Kubernetes: Basics

April 6, 2018 9-minute read

What is Kubernetes

Led by Google, the Kubernetes project aims to build a robust platform for running many containers. It allows for the automation of deployments, scaling, and management of containerized applications. Kubernetes enables teams to more effortlessly move workloads across cloud infrastructures by grouping containers into logical units for easy management and discovery.

Why migrate to Kubernetes?

more efficient use of cloud resources – resulting in cleaner architecture and huge potential savings in cloud costs
removal of centralized team release responsibilities in lieu of specific functional teams
decentralized schedule for release cycles across product areas

Architecture: Master nodes

A Kubernetes cluster is composed of two types of nodes; master nodes and worker nodes. Master nodes run the control plane, consisting of the following components:

API server is the external REST interface for the cluster. Clients interact with the cluster via the API, which validates and persists changes within etcd.
The Scheduler is responsible for the resolution of desired state changes, by deciding where resources/objects should be placed within the cluster.
The Controller Manager is the core component that manages controller resource implementations within the cluster where users can specify number of replicas or failover minimum criteria across the cluster.
etcd distributed key-value store

All cluster nodes run kubelets which interact with the Docker APIs in order to execute cluster commands, execute/destroy containers, etc…

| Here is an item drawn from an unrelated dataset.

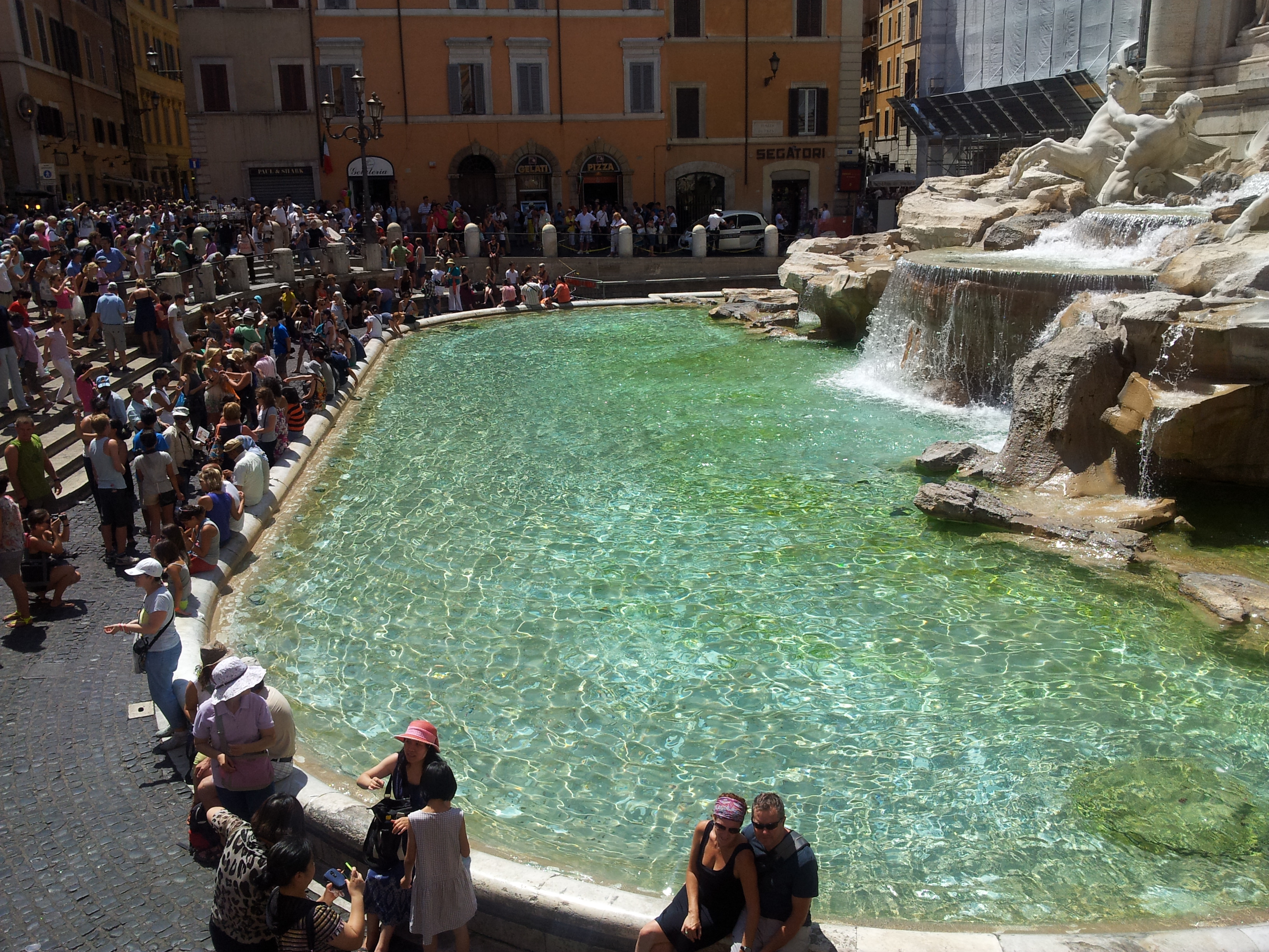 트레비 분수 Trevi Fountain는 분수의 규모도 크지만, 장관은 뒤쪽에 있는 거대한 조각품으로, 사람들이 앉아서 구경하느라 잘 떠나지 않는 곳 입니다.

Architecture: Worker Nodes, Networking

Each worker node runs kube-proxy, a simple network proxy and load balancer. Kubernetes, kube-proxy integration with Container Networking Interface (CNI) allows for cluster network orchestration. Each Pod gets its own IP address. Pod lifecycle events trigger attachment/removal from the underlying software-defined network. CNI implementations allow the cluster to cross-resolve Pods without resorting to NAT.

There are various implementations of CNI. The most commonly used ones are:

Calico
Weavenet by WeaveWorks
Flannel

Namespaces

provide a logical partition of the cluster’s resources
kubernetes resources are scoped to a namespace
all resources within a namespace must have unique names
kubernetes allows for assigned quotas for resource limitations within a namespace
namespace of default is used if none other is specified
the kube-system is used for etcd instances, the API servers, controller managers, schedulers, kube proxies, and weave networking CNI pods

API Versioning

Kubernetes provides a clear and consistent API by versioning at the API level rather than at the resource level. The Kubernetes API maturity levels include; stable, beta, alpha.

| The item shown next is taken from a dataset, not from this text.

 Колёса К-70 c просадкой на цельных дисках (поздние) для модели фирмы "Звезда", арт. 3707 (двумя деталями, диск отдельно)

Kubernetes employs API Groups to aid in frictionless extension of the platform. An API Group consists of a REST path and API version. The core or legacy API Group is /api/v1 and newer, named groups are at REST path: /apis/$GROUP_NAME/$VERSION.

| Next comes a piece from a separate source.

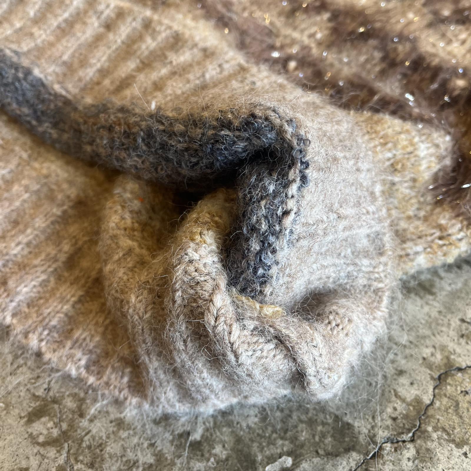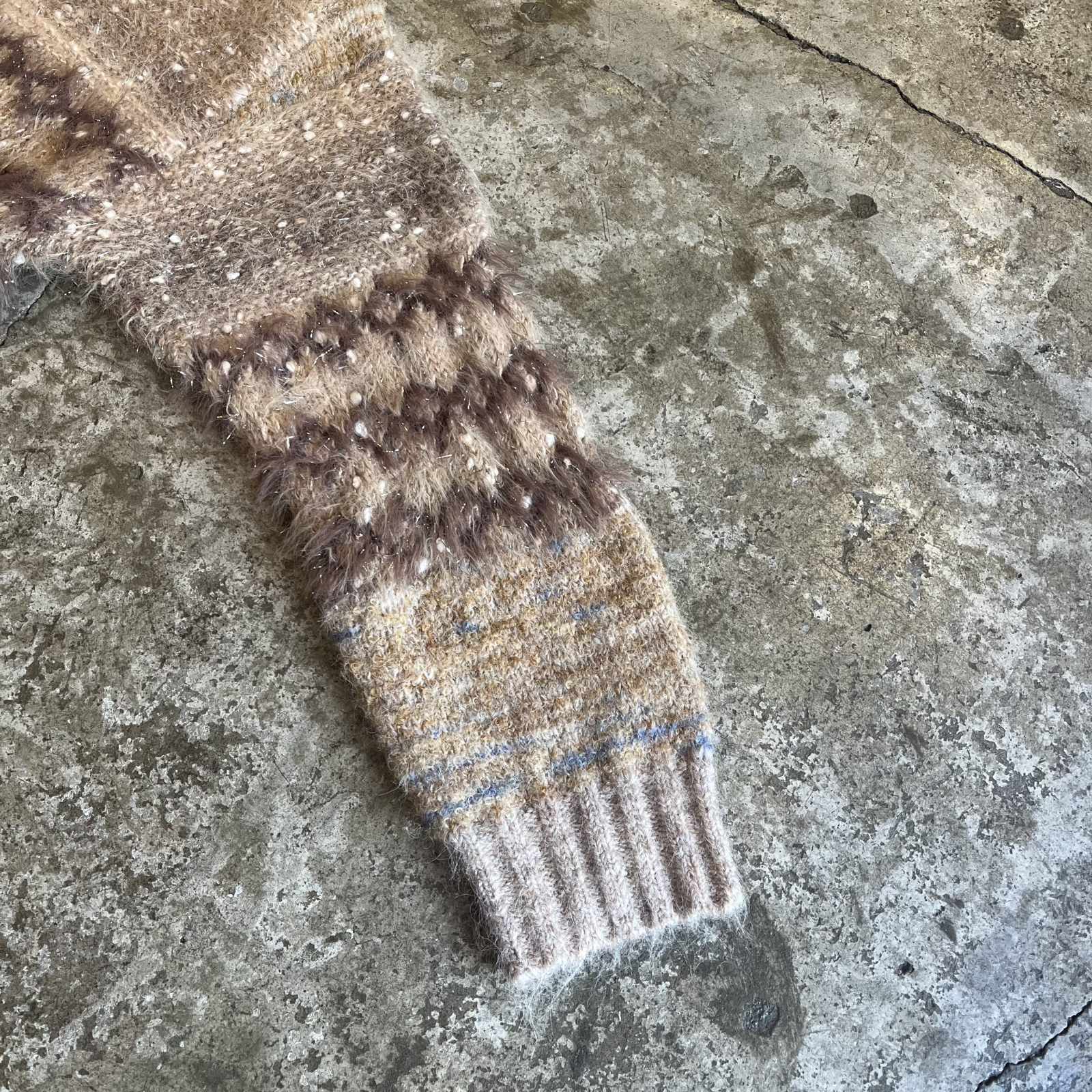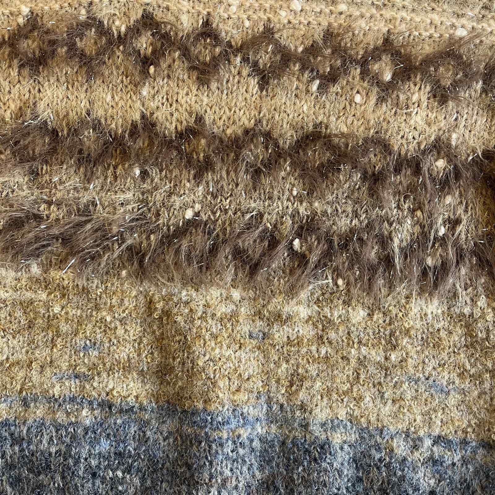 4 COLOR BUTTON GLITTER MIX MULTI BORDER DESIGN KNIT SWEATER / Ladies M
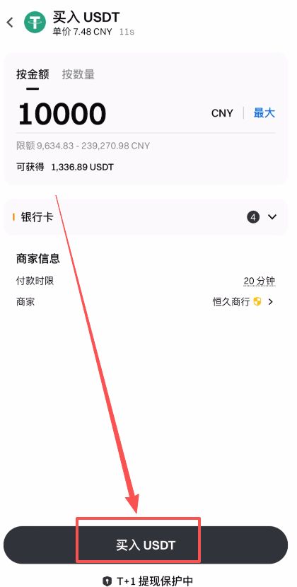 在這里輸入進(jìn)我們要購買的金額或者是USDT的數(shù)量,比如說我這里想購買1000人民幣的,然后點(diǎn)擊下方的“選擇支付方式”,我們就可以選擇“銀行卡”。

Use kubectl api-versions to get a list of all APIs supported by your clusters API Server.

Pods

A pod the smallest deployable unit in Kubernetes. A pod is a logical group of one or more containers that share the same IP address and port space.

Containers within a pod can find each other via localhost, and can also communicate with each other using standard inter-process communication mechanisms.

Pods are not durable.

apiVersion: v1
kind: Pod
metadata:
  name: redis
spec:
  containers:
  - name: redis
    image: redis

Pods and Selectors/Labels

A label is a key/value pair that is attached to a Kubernetes resource. Labels can be attached to resources at creation time, as well as added and modified at any later time.

A label selector can be to organize Kubernetes resources that have labels. An equality-based selector defines a condition for selecting resources that have the specified label value. A set-based selector defines a condition for selecting resources that have a label value within the specified set of values.

Services

A service uses a selector to define a logical group of pods and defines a policy to access such logical groups. Services are durable and provide some mechanism of pod discovery. There are several types of services in Kubernetes:

A ClusterIP service exposes pods to connections from inside the cluster (this is the default).
A NodePort service exposes pods to external traffic by forwarding traffic from a port on each node of the cluster to the container port.
A LoadBalancer service also exposes pods to external traffic, as NodePort service does, and additionally supplies load balancer functionality.

apiVersion: v1
kind: Pod
metadata:
  name: redis
  labels:
    color: purple
spec:
  containers:
  - name: redis
    image: redis
    ports:
    - containerPort: 6379
      name: redis-server
apiVersion: v1
kind: Service
metadata:
  name: redis-svc
  labels:
    name: redis-svc
spec:
  ports:
    - port: 2222
      targetPort: redis-server
  selector:
    color: purple

Pod Accessibility, Debugging

The aforementioned example defined a pod with a redis container and a corresponding ClusterIP-based service. The network infrastructure of our cluster is such that there are no network pathways to the cluster except for the API Server, thus, how do we interact with our container and service?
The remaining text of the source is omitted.